(Saved data entries)
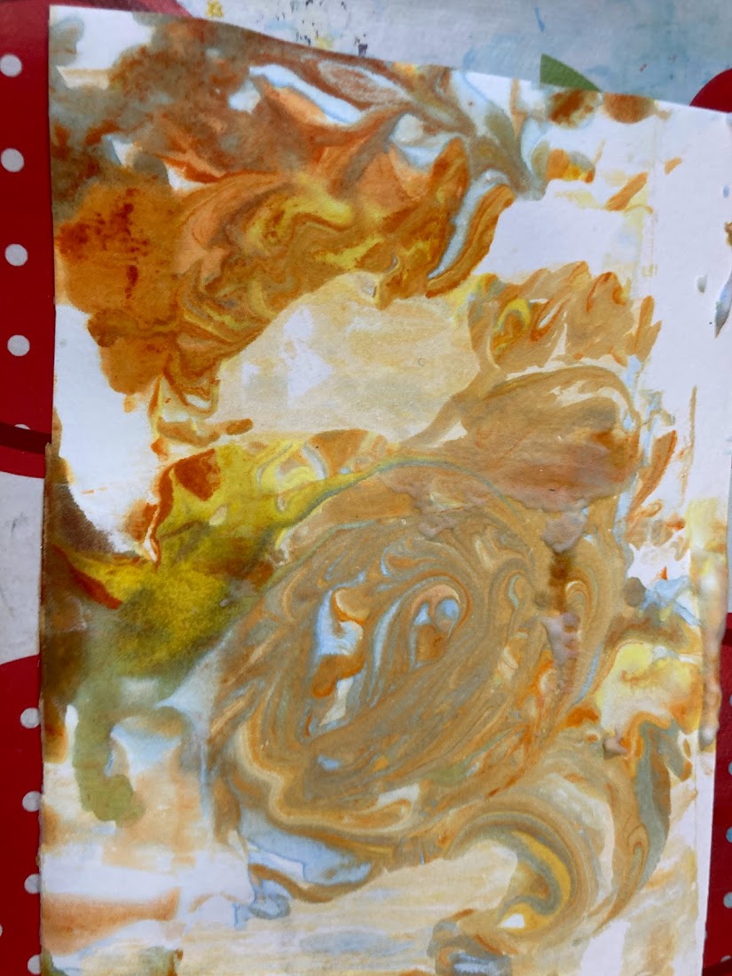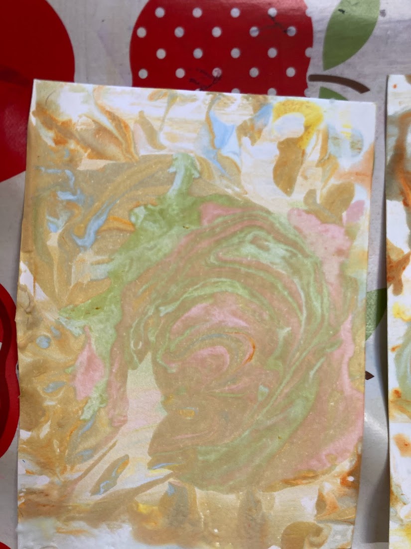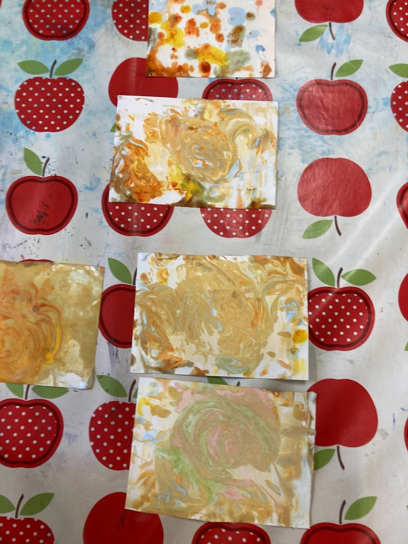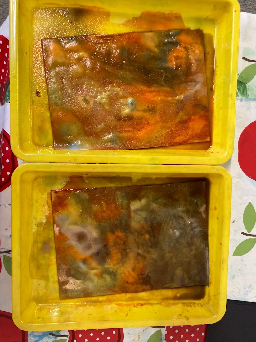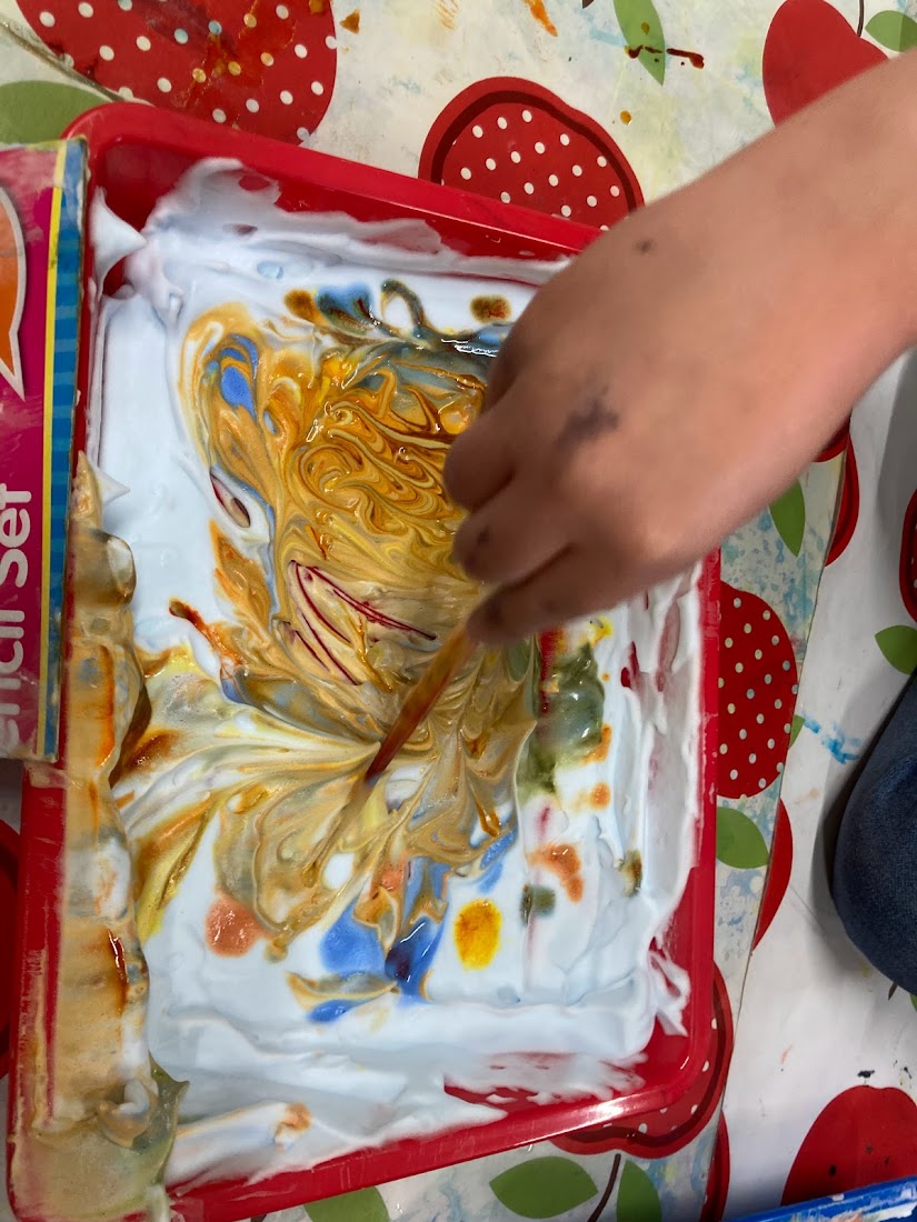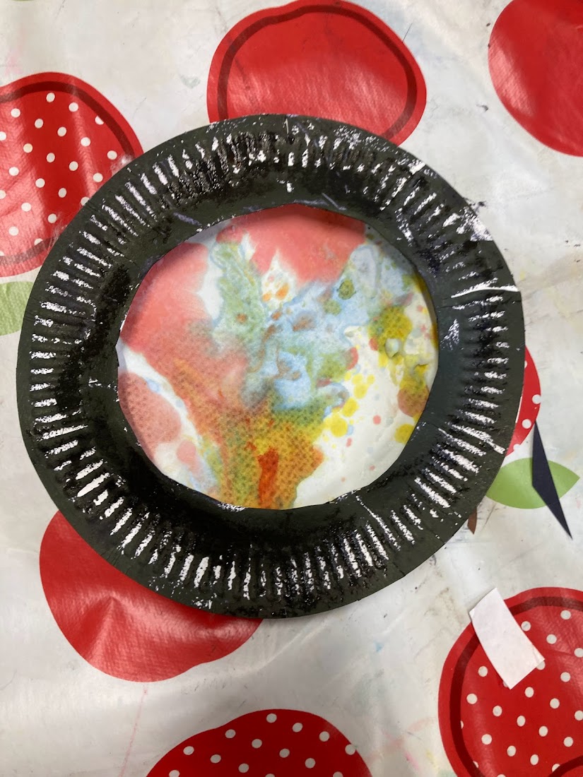For our second experiment we covered a shallow tray in shaving foam and then using a pipette again we added drops of food colouring around the foam before partially mixing the colours together. Then we gently placed paper on top of the foam, pressing down lightly before removing it and using a piece of cardboard to scrap the foam off, leaving the print of the colours behind. We stuck the foam print onto one of our plates for the cauldron and then stuck the second paper plate (which had it’s middle cut out) on top so that it looks like a witch’s cauldron with a magic potion brewing.
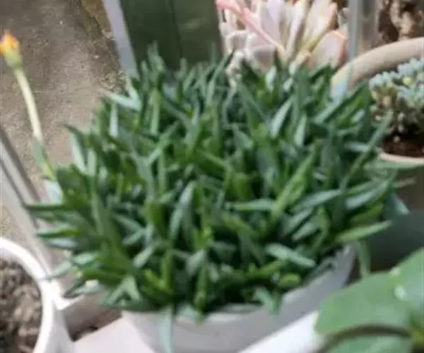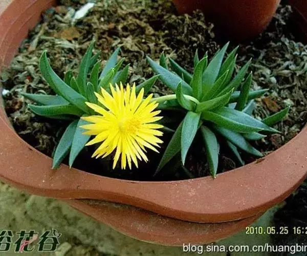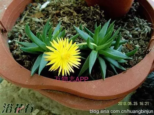 照波,番杏科多肉植物、 此种生长较快,栽培容易,细长的浓绿色叶3厘米左右,开黄色花。 浇水也是以干湿交替进行,但要防止长期干旱与湿涝。夏季高温需遮阴,忌暴晒。
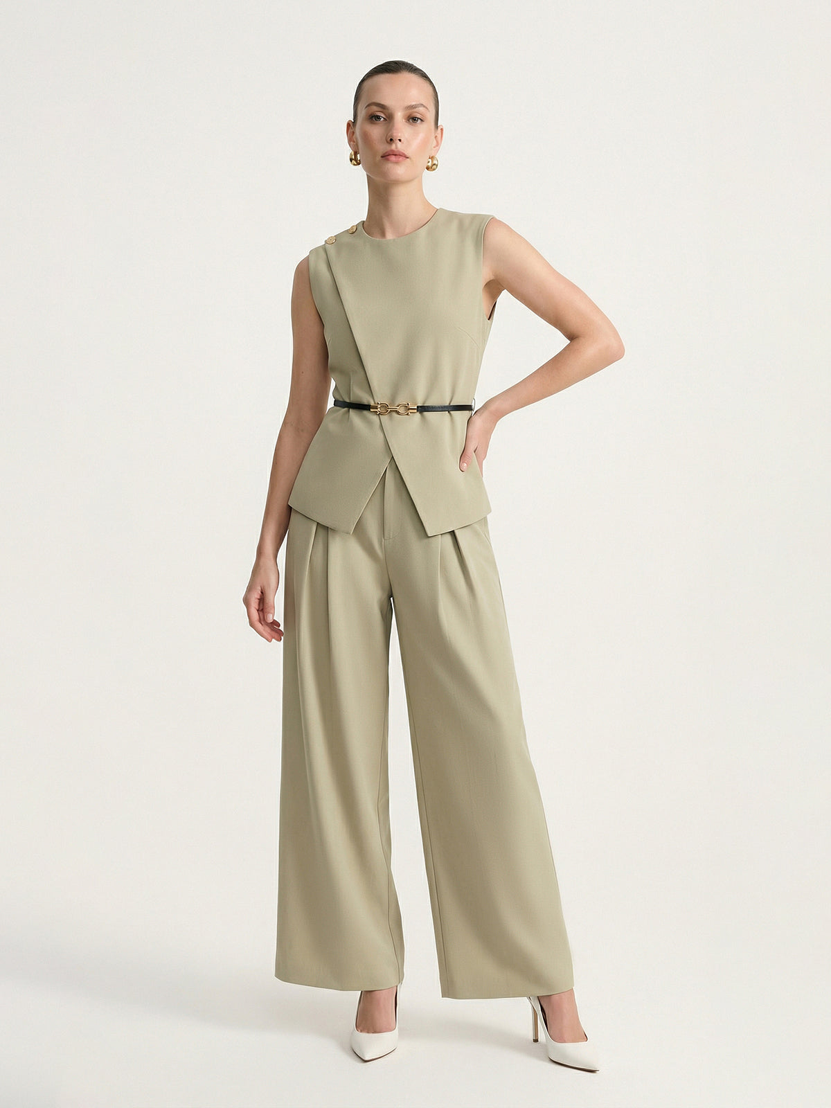Sleeveless Belted Top & Pleated Pants Set
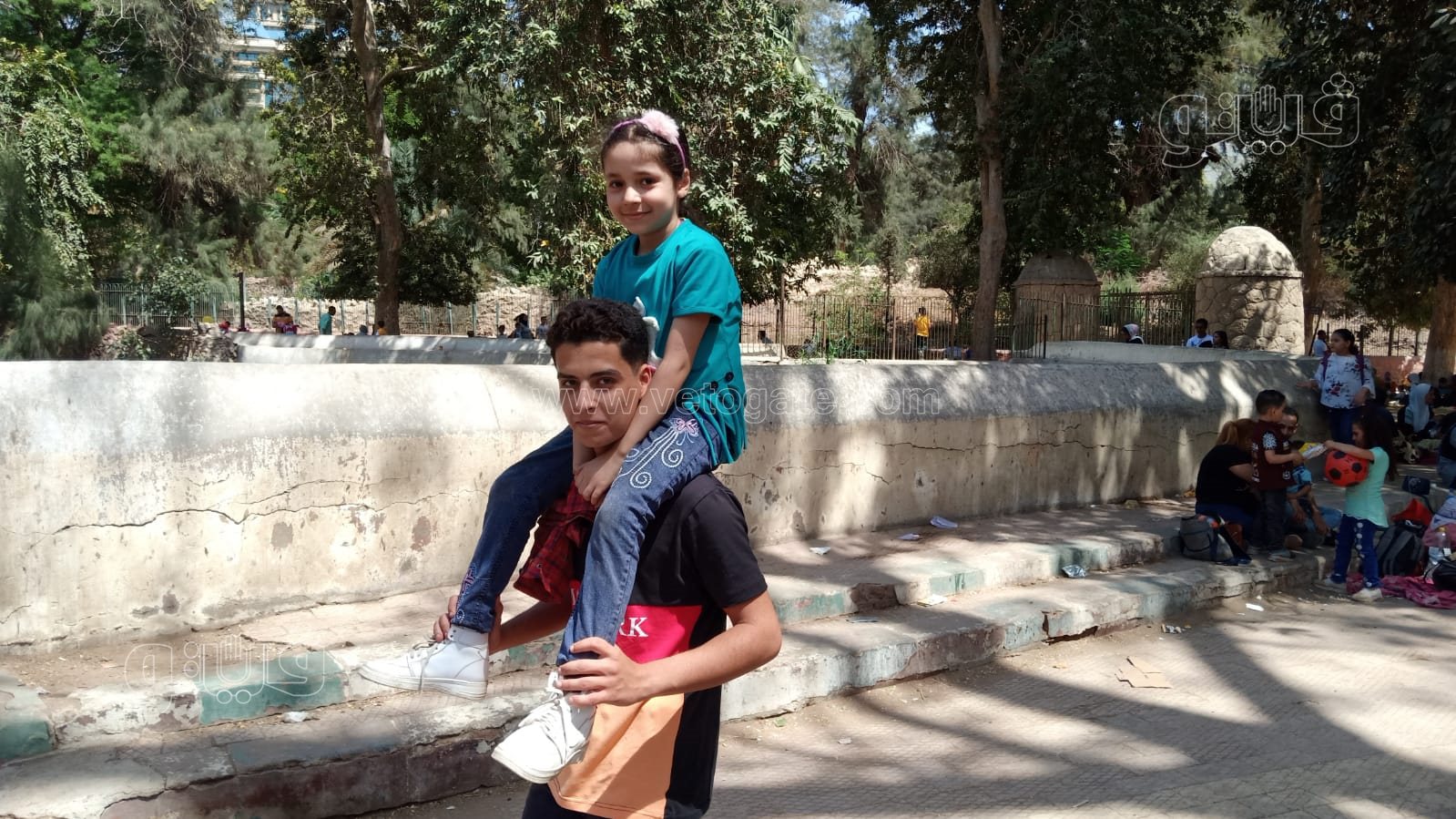 وحرصت بعض العائلات على اصطحاب أطفالها لزيارة الحيوانات الموجودة بالحديقة،والاستمتاع بالأجواء العائلية في آخر أيام إجازة العيد
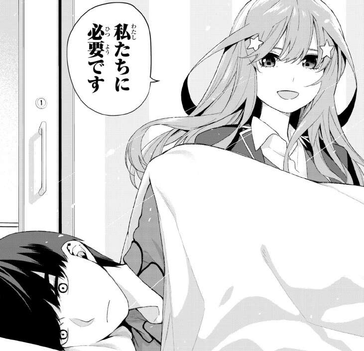 週刊少年マガジン 2018年20月号に掲載されている五等分の花嫁 34話のネタバレ、感想です。今話のタイトル、ちょっとすごいですね。
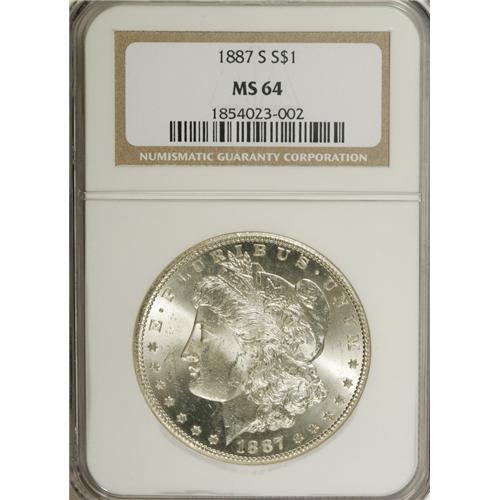 <B>1887-S $1 MS64 NGC.</B></I> NGC Census: (736/125). PCGS Population (1321/273). Mintage: 1,771,000. Numismedia Wsl. Price: $560. (#7180)<BR><BR><b>Shipping:</b> Coins & Currency (<a target="_blank" href="http://www.heritageauctions.com/common/shipping.php">view shipping information</a>)
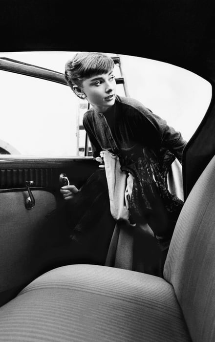 Audrey climbs into the Paramount Studios car waiting to return her to the hotel after the photo session with Bud Fraker.
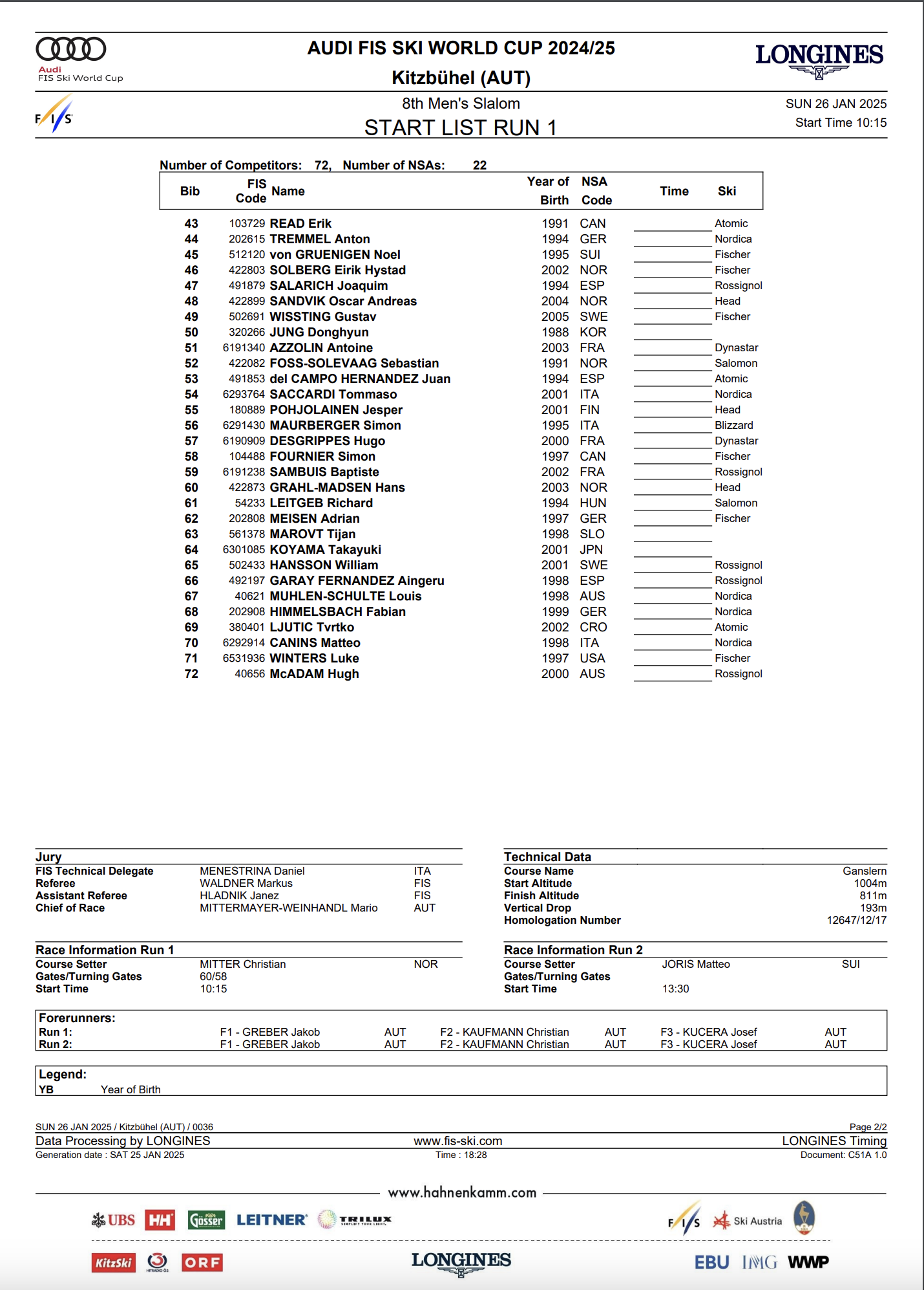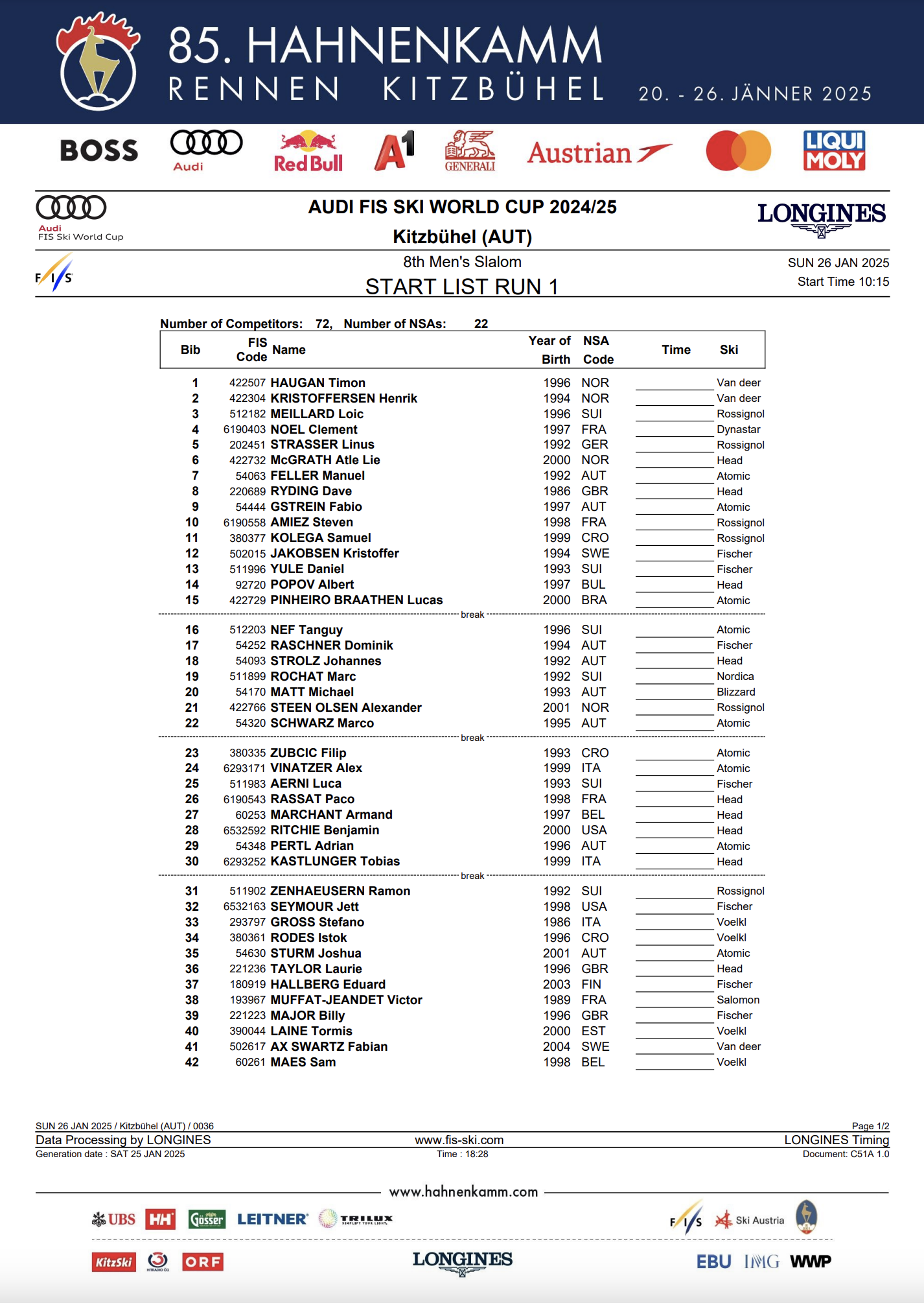 Seventy-two men from 22 nations will compete in the World Cup slalom in Kitzbühel on Jan. 26.
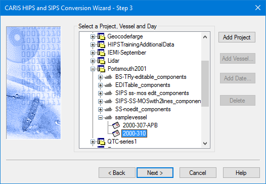 CARIS HIPS and SIPS : HIPS and SIPS Commands : Import > Conversion Wizard : Select Project, Vessel and Day
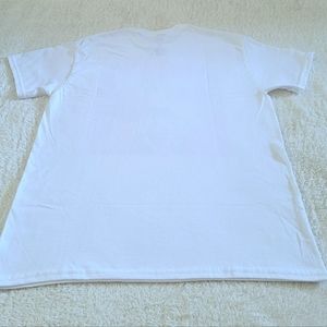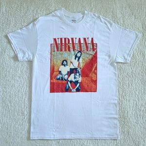 White tee👕 with "NIRVANA"☸️ in bold letters on front with band members Dave Grohl, Krist Novoselic and Kurt Cobain

▶ _Work order_
Leave out the pictures and repeat the remaining data exactly.

▶ _Answer_
For our second experiment we covered a shallow tray in shaving foam and then using a pipette again we added drops of food colouring around the foam before partially mixing the colours together. Then we gently placed paper on top of the foam, pressing down lightly before removing it and using a piece of cardboard to scrap the foam off, leaving the print of the colours behind. We stuck the foam print onto one of our plates for the cauldron and then stuck the second paper plate (which had it’s middle cut out) on top so that it looks like a witch’s cauldron with a magic potion brewing.
 照波,番杏科多肉植物、 此种生长较快,栽培容易,细长的浓绿色叶3厘米左右,开黄色花。 浇水也是以干湿交替进行,但要防止长期干旱与湿涝。夏季高温需遮阴,忌暴晒。
Sleeveless Belted Top & Pleated Pants Set
 وحرصت بعض العائلات على اصطحاب أطفالها لزيارة الحيوانات الموجودة بالحديقة،والاستمتاع بالأجواء العائلية في آخر أيام إجازة العيد
 週刊少年マガジン 2018年20月号に掲載されている五等分の花嫁 34話のネタバレ、感想です。今話のタイトル、ちょっとすごいですね。
 <B>1887-S $1 MS64 NGC.</B></I> NGC Census: (736/125). PCGS Population (1321/273). Mintage: 1,771,000. Numismedia Wsl. Price: $560. (#7180)<BR><BR><b>Shipping:</b> Coins & Currency (<a target="_blank" href="http://www.heritageauctions.com/common/shipping.php">view shipping information</a>)
 Audrey climbs into the Paramount Studios car waiting to return her to the hotel after the photo session with Bud Fraker.
 Seventy-two men from 22 nations will compete in the World Cup slalom in Kitzbühel on Jan. 26.
 CARIS HIPS and SIPS : HIPS and SIPS Commands : Import > Conversion Wizard : Select Project, Vessel and Day
 White tee👕 with "NIRVANA"☸️ in bold letters on front with band members Dave Grohl, Krist Novoselic and Kurt Cobain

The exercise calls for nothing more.